It’s a Phase

Kevin Sterne

Contest Winner

My nephew takes pictures of dead animals with a disposable camera. My sister said this might be an issue when she asked me to watch him for the weekend.

      “It’s a phase,” she tells me. “Mark and I think he got it off the TV. Just don’t let him watch anything on the Syfy channel.”

      “Does he touch the carcasses?” I ask.

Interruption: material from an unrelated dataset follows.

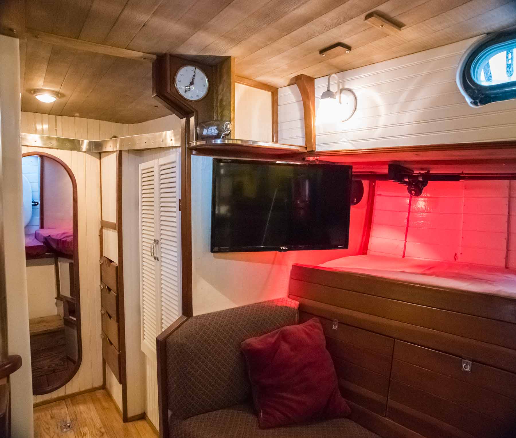 2015 reconfigured stateroom layouts to accommodate a crew of 5. Upgraded all lighting to LED, re-wallpapered salon,

This is my first time doing this: caring for and protecting a small human. “Should I be having him wash his hands?

      My sister looks at me like I am the disappointment that I am. “No and yes.”

      I’m an absolute last resort in her book, but when four babysitters, Mark’s mother, and the dog walker cancelled she asked me to watch him while she and Mark go away to Divine Duet Oasis—a couple’s retreat and spa—to “detox.”

     “So Mark’s been hitting the sauce again?”

      She tucks her bottom lip under her top teeth. I’ve been her brother long enough to know there’s something she’s not telling me. “It’s not like that.”

      “There’s a difference between an alcoholic and a functioning alcoholic.”

      “You would know.”

      “You’ve met Jerry before.”

      “Unfortunately.”

      She expects me to screw up, and even makes a point of showing me the survival-grade first aid kit she’s tucked in the boy’s backpack.

      “For when you need it.”

     “You mean in case we need it.”

      “No, I mean when you need it.”

      Before she leaves she kisses the boy on the cheek and gives him a wad of twenty-dollar bills.

      “Have your uncle take you to dinner,” she tells both of us. “And no friends over. By friends I mean Jerry.”

      “Why don’t you give me the money?”

     “Because I know you’ll spend it on drugs.”

      She’s not wrong. She is paying me to watch the boy, but she only gave me half up front. I guess to ensure I keep him alive. That’s my sister for you. The boy and I watch her slide into her Mazda and zoom off.

      The boy is brown-haired and straight-standing. He rarely talks, and when he does it’s in pointed, accusatory statements.

      “You buy drugs. What kind of drugs do you buy?”

      “The best kind,” I tell him. “Now go play. I have a lot of work to do.”

      That part wasn’t a lie. I’m filing my quarterly taxes, which, as a small business owner, is mostly me sifting through soggy receipts and notes written on napkins while the boy wanders the woods behind my apartment. I write off half my condo as a home office, bundle my $600 in parking tickets under “vehicle expenses,” and explain away nearly every grocery store trip as a “business meal” while taking breaks to smoke a joint and peek out the window. My nephew is still alive. I have a bag of mushrooms that I’ve committed to not eating the whole weekend. I think my sister would be proud.

***

Not two hours go by before he’s back in the house.

      “What is it? Do you need water? How often are they feeding you?”

      The boy tells me my neighbor yelled at him for walking in her backyard.

      “She told me to get the hell out of her section of woods because I’ll scare the Sasquatch.”

      “Don’t curse,” I tell him.

      “Fine. She told me to get the bleep out of her bleeping section of the bleepity-bleep bleeping woods.”

      I put my head in my hands. My neighbor Angela is a bit loony-toons. She has this idea in her head that there’s a Bigfoot roaming the woods behind our properties. I look at my computer screen. I’m going to owe the IRS a lot of money if I don’t get serious about fudging these numbers.

      “I’ll talk to her. You just keep doing whatever you were doing. And wash your hands.”

      Angela and I used to get along. When I first moved in, we’d wave and say “hi,” and ask each other how it was going. She baked me a tray of her gooey butter cake and I brought over left-over pizza. But a few months ago, I got really drunk and peed in her window well because I thought it was mine. Common mistake. She caught me because it was around 2 p.m. on a Saturday and chased me back into my house with her riding lawn mower. I tried to explain that I was taking a nap and must have been sleepwalking. And sleep peeing. But she wasn’t buying it. We haven’t been on the best of terms since.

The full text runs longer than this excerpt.